Source records
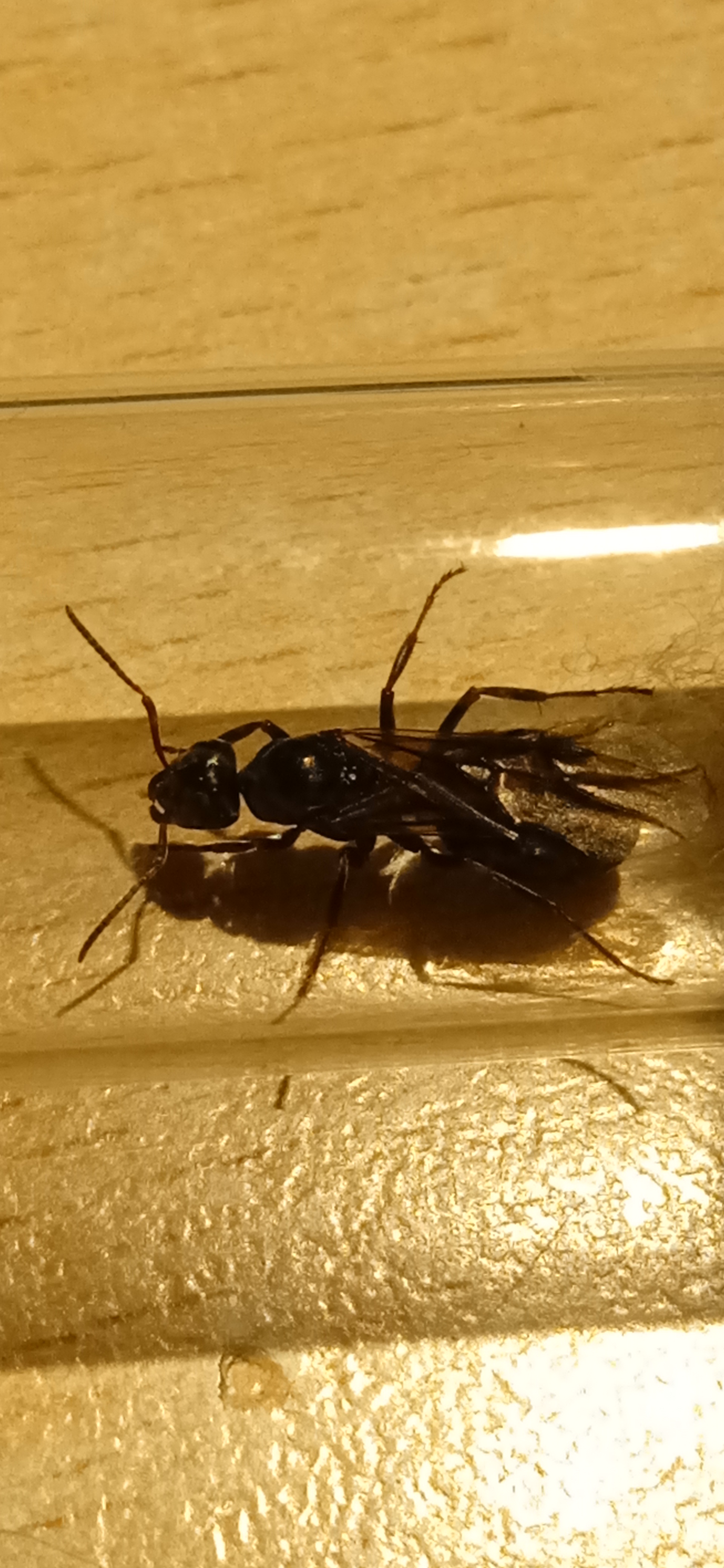Ciao a tutti! chiedo per la seconda volta un'identificazione per una regina trovata la sera del 29/06/23 in un luogo vicino Perugia. La regina è lunga circa 1 cm, è nera lucente e non ha peli. Ecco a voi alcune foto per aiutarmi meglio sull'identificazione:
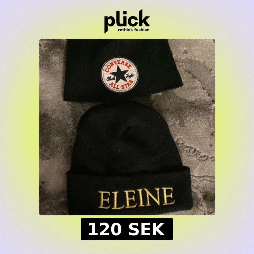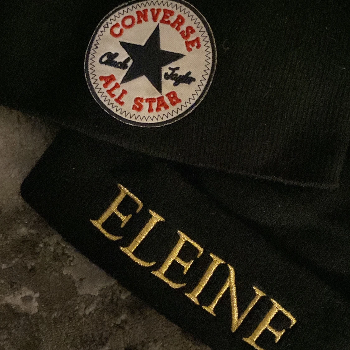 Två svarta mössor: en från Converse med klassisk rund patch med stjärna och röd text, och en med guldbroderad 'ELEINE' framtill. Båda är ribbstickade och har uppvikt kant.
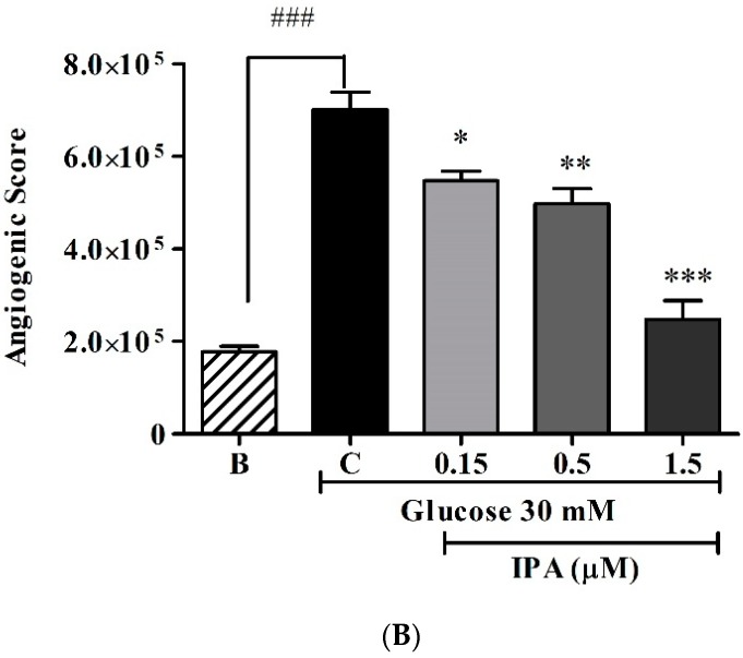 (A) IPA suppresses high glucose-induced capillary formation in Matrigel®. The cells were seeded on Matrigel® with different concentrations of IPA (0.15, 0.5, and 1.5 µM), along with 30 mM glucose including B (blank (0 mM glucose + 0 µM IPA)) and C (control (30 mM glucose + 0 µM IPA)). After 6 h incubation, the cells were photographed and the angiogenic score was determined. (B) Quantification of capillary formation. The effects of 30 mM glucose on capillary formation were compared to B (blank (0 mM glucose + 0 µM IPA)). The effects of IPA on high glucose-induced capillary formation were normalized to C (control (30 mM glucose + 0 µM IPA)). Scale bar (A) 1000 µm. * p ˂ 0.05, ** p ˂ 0.01, *** p ˂ 0.001, ###p ˂ 0.001.
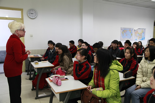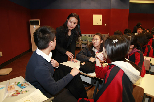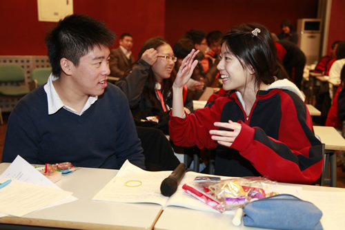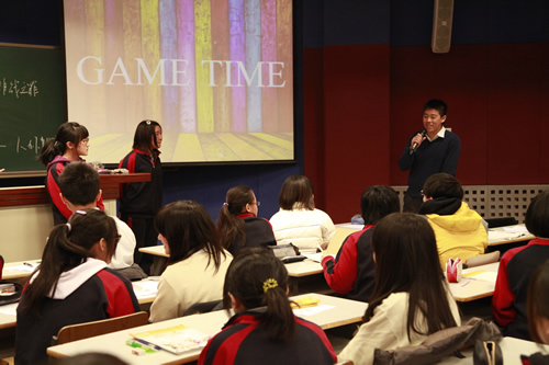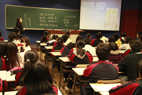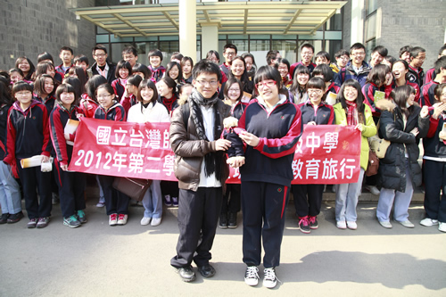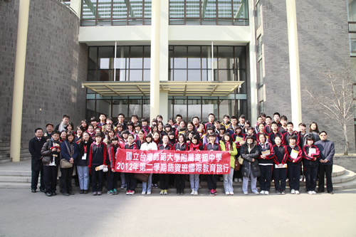 台湾师生一行首先参观了我校的文化景观――杏坛、三味书屋、民国时期台湾作家林海音曾读过书的师大附小教室楼和林砺儒校长塑像。接着他们和我校同学一起听了英语和语文课,分别是国际课程班外教讲授的TOEFL指导课和郑媛老师讲解的古文课。在感受了我校课堂之后,台湾师大附中的学生和我校学生进行了友好交流。交流活动由轻松的游戏――脑筋急转弯开场,现场气氛活跃。台湾同学合唱,我校同学也一展歌喉。两名台湾女同学还为大家表演了一段自编的牙买加风情舞,赢得全场的掌声和欢呼。同学们交流得热火朝天。半天的时间虽短,却让两岸师生加深了了解。大家相约像交流会上大家同唱的歌曲《友谊地久天长》一样。
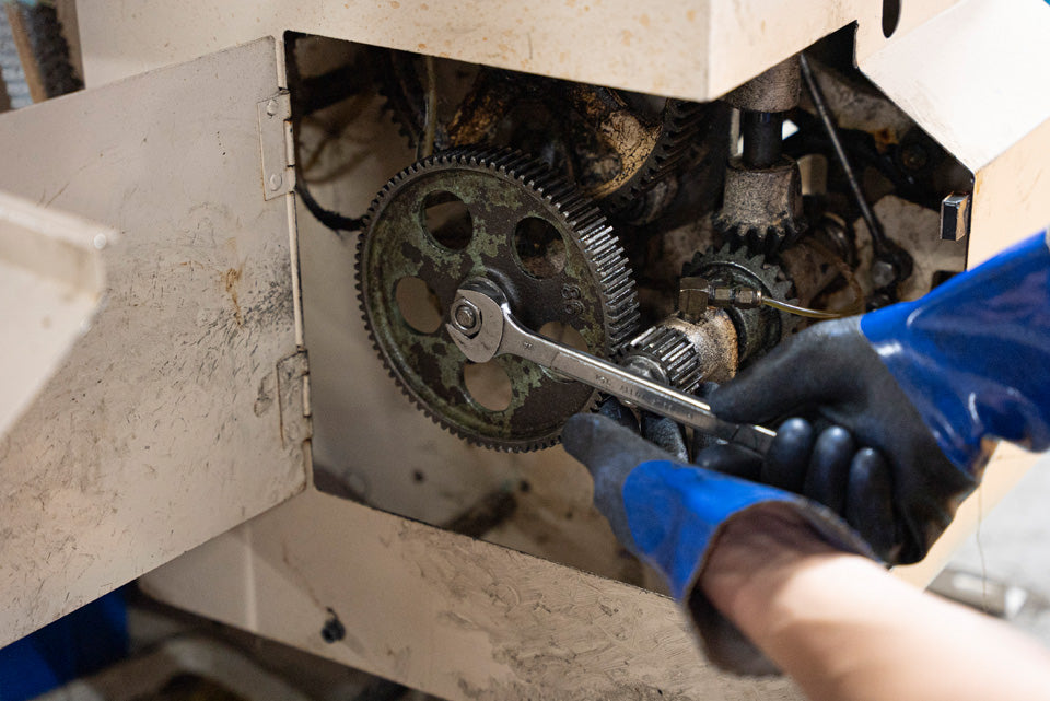織機の“クセ”を読み取ることも大切です。2丁(2色の色糸を使う)で織っているところに4丁で織ったら織れない、この織機では織れたのに、同じ条件で他の織機で織ったら織れない、というケースもあります。レピアと呼ばれる部品のコンディション次第で、緯糸(ヨコイト)がうまく通らないで経糸(タテイト)をズバッと切ってしまうなんてこともありますし、柄に乱れが出たりする場合があります。ですから、織機の掃除やグリスの差し方、ギアの締め具合まで、日々のメンテナンスは欠かせません。
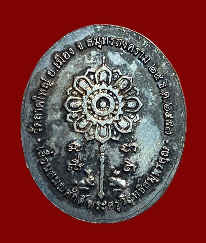 เหรียญเลื่อนสมณศักดิ์ เนื้อเงิน หลวงพ่อบ้านแหลม วัดลาดใหญ่ จ.สมุทรสงคราม ปี 2557
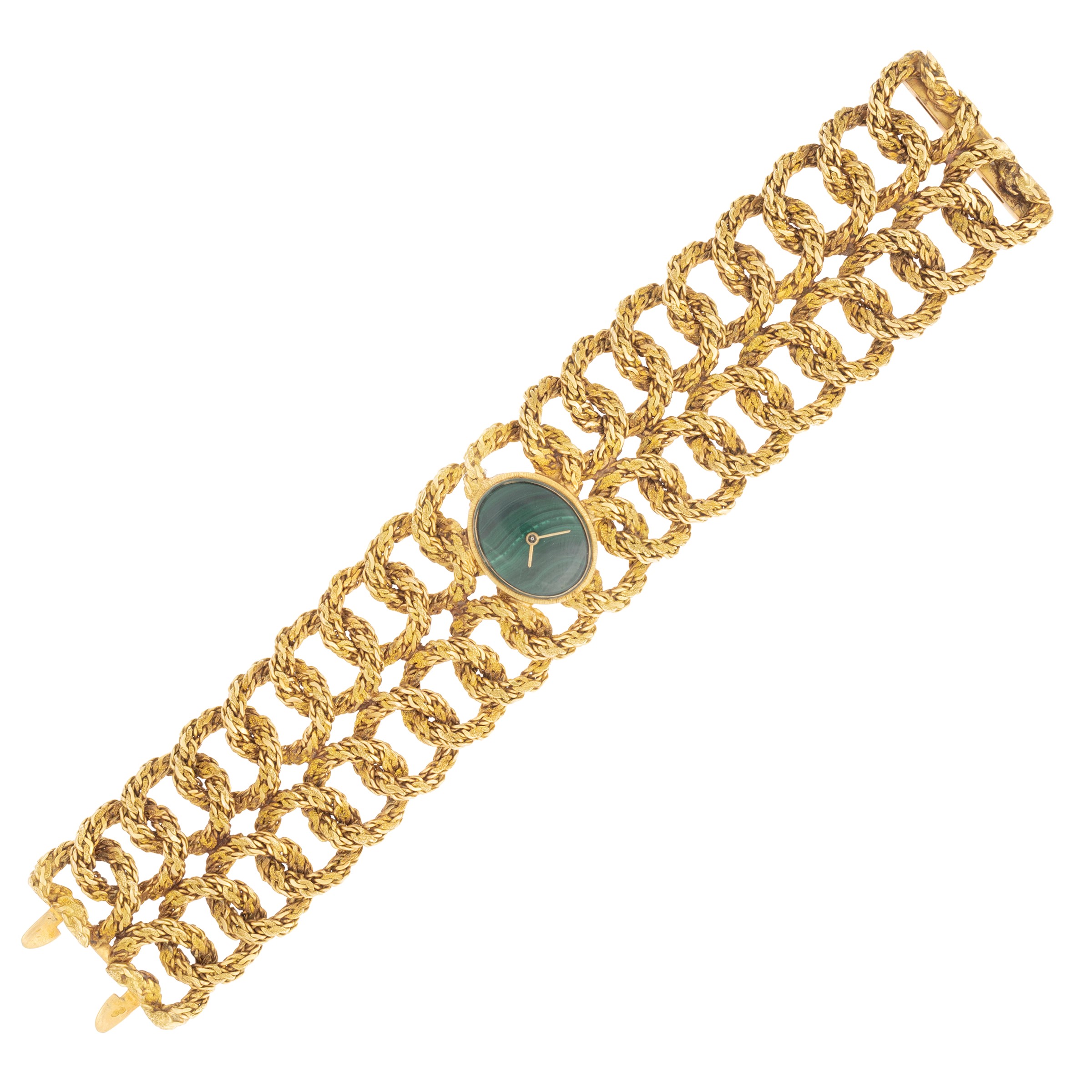 weight 125 gr.oval case 21x17 mm. malachite dial without indexes, mechanical movement with manual winding, links bracelet with concealed clasp, length 18 cm. - height 3.3 cm.
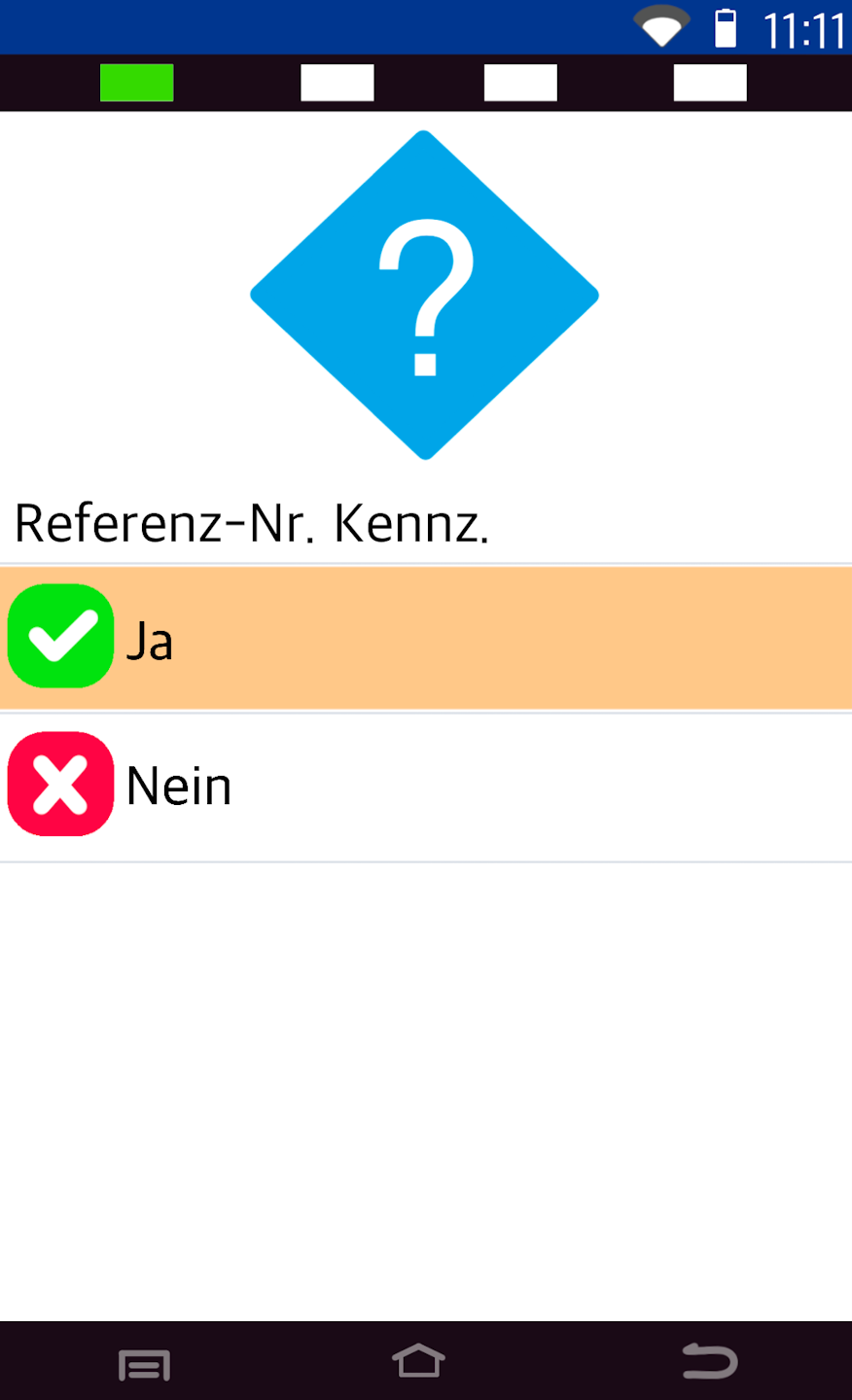 As shown in Fig. 1, please tap Referenz-Nr. Kennz. Activate the option by selecting Yes (Fig. 2).
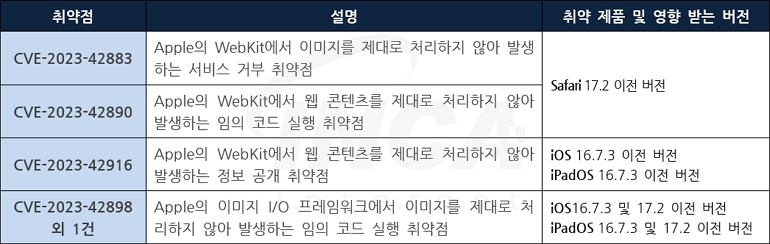 Apple 사는 자사 제품에서 발생하는 취약점에 대한 보안 업데이트를 발표하고, 관련 취약점을 해결하기 위해 최신 버전으로 업데이트할 것을 권고하였다.
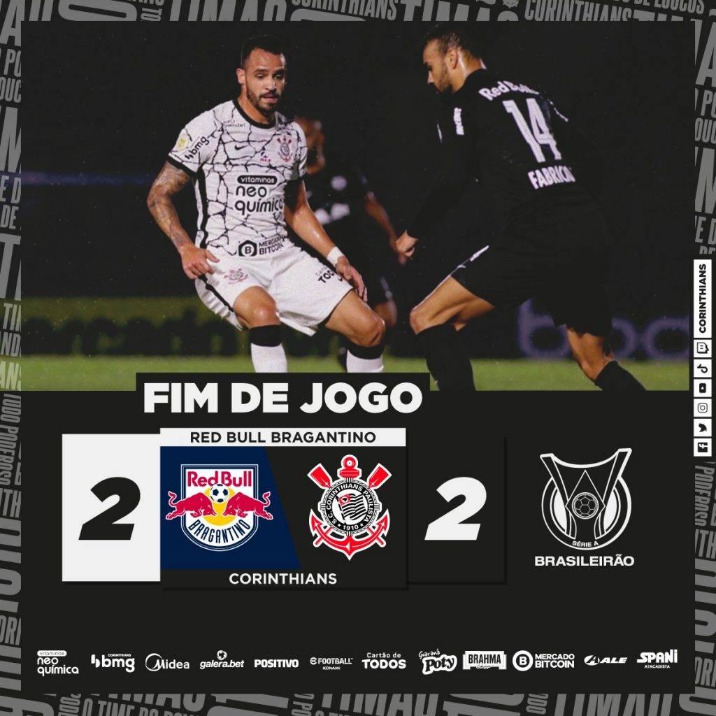 O árbitro deu 8 minutos de acréscimos devido ao tempo perdido na checagem do segundo gol do RBB. Como dizem: enquanto tem bambu, tem flecha! E o Corinthians foi certeiro! Aos 50, após jogada de Adson a bola sobrou para Mosquito. O camisa 19 bateu forte de dentro da área e estufou as redes do adversário novamente!
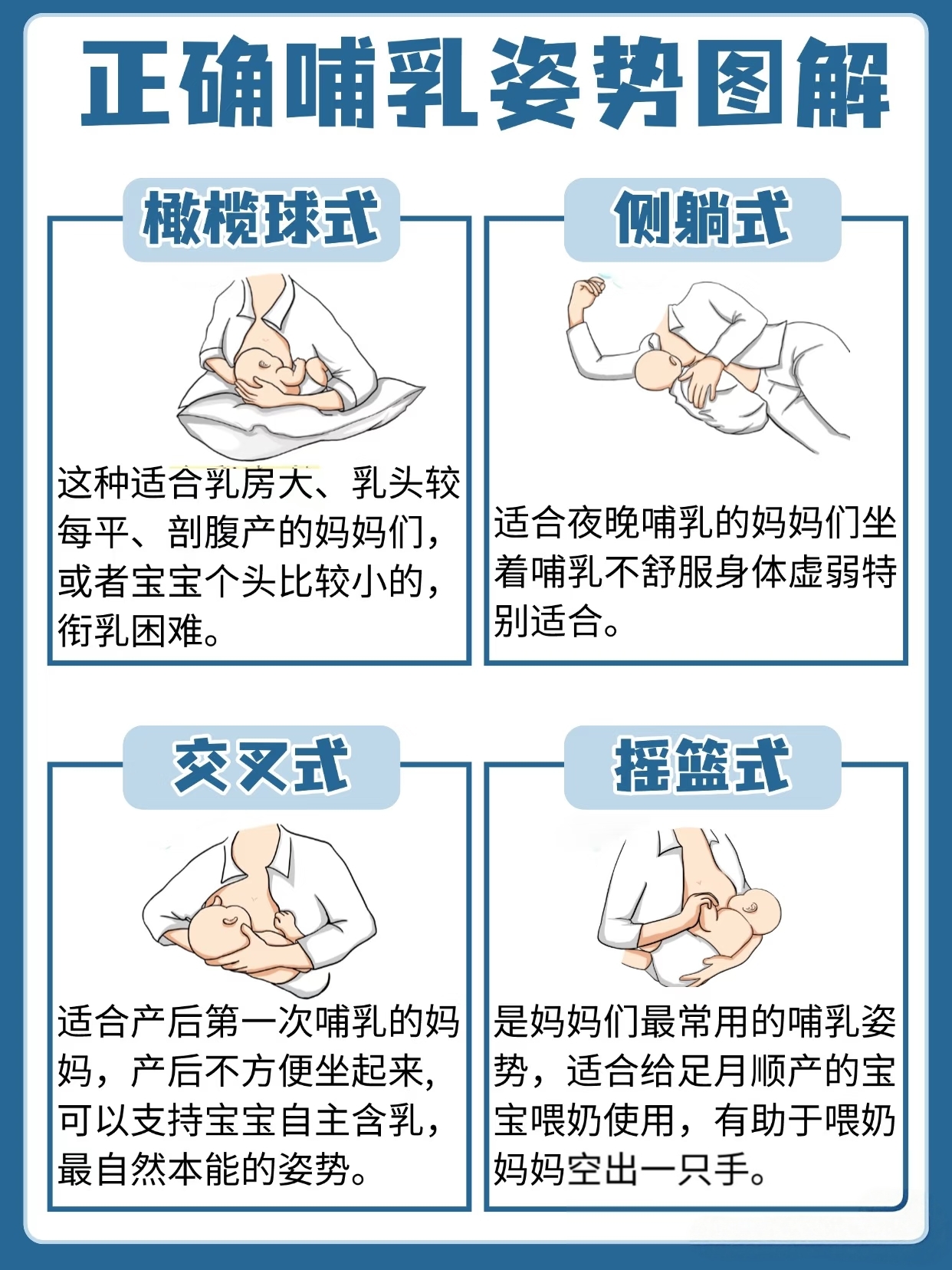 摇篮式:最经典的姿势,适合大多数妈妈。用手臂托住宝宝头颈,让宝宝侧身面向乳房。
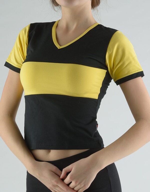 Tričko s krátkym rukávom do pása, vyrobené z prémiovej bavlny doplnenej o elastan Lycra (90 % bavlna, 10 % elastan). Tento materiál zaručuje prirodzenú priedušnosť, hebkosť na dotyk a skvelú pružnosť, ktorá sa prispôsobí vašej postave, pričom si zachováva svoj tvar aj po mnohých praniach. Výstrih do V zvýrazní ženský dekolt a nádych jemnej elegancie. Tričko je členité farebným pruhom s kontrastnými rukávmi, ktoré dodávajú moderný a dynamický štýl. Ideálne na každodenné nosenie, šport alebo voľný čas, keď chcete cítiť pohodlie a sebavedomie zároveň. Tento kúsok kombinuje kvalitu prírodných materiálov s funkčnými vlastnosťami elastanu, takže je nielen príjemný na tele, ale aj odolný a trvácny. Vystúpte z davu a doprajte si komfort, ktorý si zaslúžite.
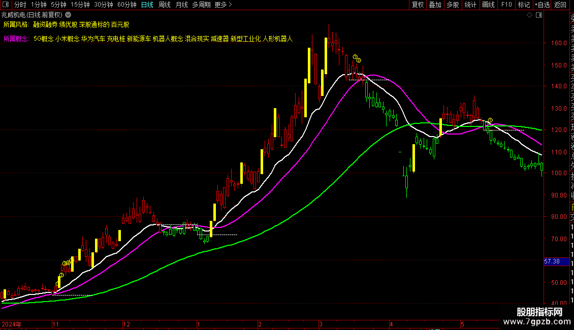 DRAWTEXT(REF(短线快枪,3) AND C>REF(L,2) AND REF(REF(短线快枪,2) AND C>REF(L,1),1) AND XXX,H*1.01,'③'),COLORYELLOW;

- **Task item**
Reproduce the records verbatim, omitting all images they contain.

- **Output**
Ciao a tutti! chiedo per la seconda volta un'identificazione per una regina trovata la sera del 29/06/23 in un luogo vicino Perugia. La regina è lunga circa 1 cm, è nera lucente e non ha peli. Ecco a voi alcune foto per aiutarmi meglio sull'identificazione:
 Två svarta mössor: en från Converse med klassisk rund patch med stjärna och röd text, och en med guldbroderad 'ELEINE' framtill. Båda är ribbstickade och har uppvikt kant.
 (A) IPA suppresses high glucose-induced capillary formation in Matrigel®. The cells were seeded on Matrigel® with different concentrations of IPA (0.15, 0.5, and 1.5 µM), along with 30 mM glucose including B (blank (0 mM glucose + 0 µM IPA)) and C (control (30 mM glucose + 0 µM IPA)). After 6 h incubation, the cells were photographed and the angiogenic score was determined. (B) Quantification of capillary formation. The effects of 30 mM glucose on capillary formation were compared to B (blank (0 mM glucose + 0 µM IPA)). The effects of IPA on high glucose-induced capillary formation were normalized to C (control (30 mM glucose + 0 µM IPA)). Scale bar (A) 1000 µm. * p ˂ 0.05, ** p ˂ 0.01, *** p ˂ 0.001, ###p ˂ 0.001.
 台湾师生一行首先参观了我校的文化景观――杏坛、三味书屋、民国时期台湾作家林海音曾读过书的师大附小教室楼和林砺儒校长塑像。接着他们和我校同学一起听了英语和语文课,分别是国际课程班外教讲授的TOEFL指导课和郑媛老师讲解的古文课。在感受了我校课堂之后,台湾师大附中的学生和我校学生进行了友好交流。交流活动由轻松的游戏――脑筋急转弯开场,现场气氛活跃。台湾同学合唱,我校同学也一展歌喉。两名台湾女同学还为大家表演了一段自编的牙买加风情舞,赢得全场的掌声和欢呼。同学们交流得热火朝天。半天的时间虽短,却让两岸师生加深了了解。大家相约像交流会上大家同唱的歌曲《友谊地久天长》一样。
織機の“クセ”を読み取ることも大切です。2丁(2色の色糸を使う)で織っているところに4丁で織ったら織れない、この織機では織れたのに、同じ条件で他の織機で織ったら織れない、というケースもあります。レピアと呼ばれる部品のコンディション次第で、緯糸(ヨコイト)がうまく通らないで経糸(タテイト)をズバッと切ってしまうなんてこともありますし、柄に乱れが出たりする場合があります。ですから、織機の掃除やグリスの差し方、ギアの締め具合まで、日々のメンテナンスは欠かせません。
 เหรียญเลื่อนสมณศักดิ์ เนื้อเงิน หลวงพ่อบ้านแหลม วัดลาดใหญ่ จ.สมุทรสงคราม ปี 2557
 weight 125 gr.oval case 21x17 mm. malachite dial without indexes, mechanical movement with manual winding, links bracelet with concealed clasp, length 18 cm. - height 3.3 cm.
 As shown in Fig. 1, please tap Referenz-Nr. Kennz. Activate the option by selecting Yes (Fig. 2).
 Apple 사는 자사 제품에서 발생하는 취약점에 대한 보안 업데이트를 발표하고, 관련 취약점을 해결하기 위해 최신 버전으로 업데이트할 것을 권고하였다.
 O árbitro deu 8 minutos de acréscimos devido ao tempo perdido na checagem do segundo gol do RBB. Como dizem: enquanto tem bambu, tem flecha! E o Corinthians foi certeiro! Aos 50, após jogada de Adson a bola sobrou para Mosquito. O camisa 19 bateu forte de dentro da área e estufou as redes do adversário novamente!
 摇篮式:最经典的姿势,适合大多数妈妈。用手臂托住宝宝头颈,让宝宝侧身面向乳房。
 Tričko s krátkym rukávom do pása, vyrobené z prémiovej bavlny doplnenej o elastan Lycra (90 % bavlna, 10 % elastan). Tento materiál zaručuje prirodzenú priedušnosť, hebkosť na dotyk a skvelú pružnosť, ktorá sa prispôsobí vašej postave, pričom si zachováva svoj tvar aj po mnohých praniach. Výstrih do V zvýrazní ženský dekolt a nádych jemnej elegancie. Tričko je členité farebným pruhom s kontrastnými rukávmi, ktoré dodávajú moderný a dynamický štýl. Ideálne na každodenné nosenie, šport alebo voľný čas, keď chcete cítiť pohodlie a sebavedomie zároveň. Tento kúsok kombinuje kvalitu prírodných materiálov s funkčnými vlastnosťami elastanu, takže je nielen príjemný na tele, ale aj odolný a trvácny. Vystúpte z davu a doprajte si komfort, ktorý si zaslúžite.
 DRAWTEXT(REF(短线快枪,3) AND C>REF(L,2) AND REF(REF(短线快枪,2) AND C>REF(L,1),1) AND XXX,H*1.01,'③'),COLORYELLOW;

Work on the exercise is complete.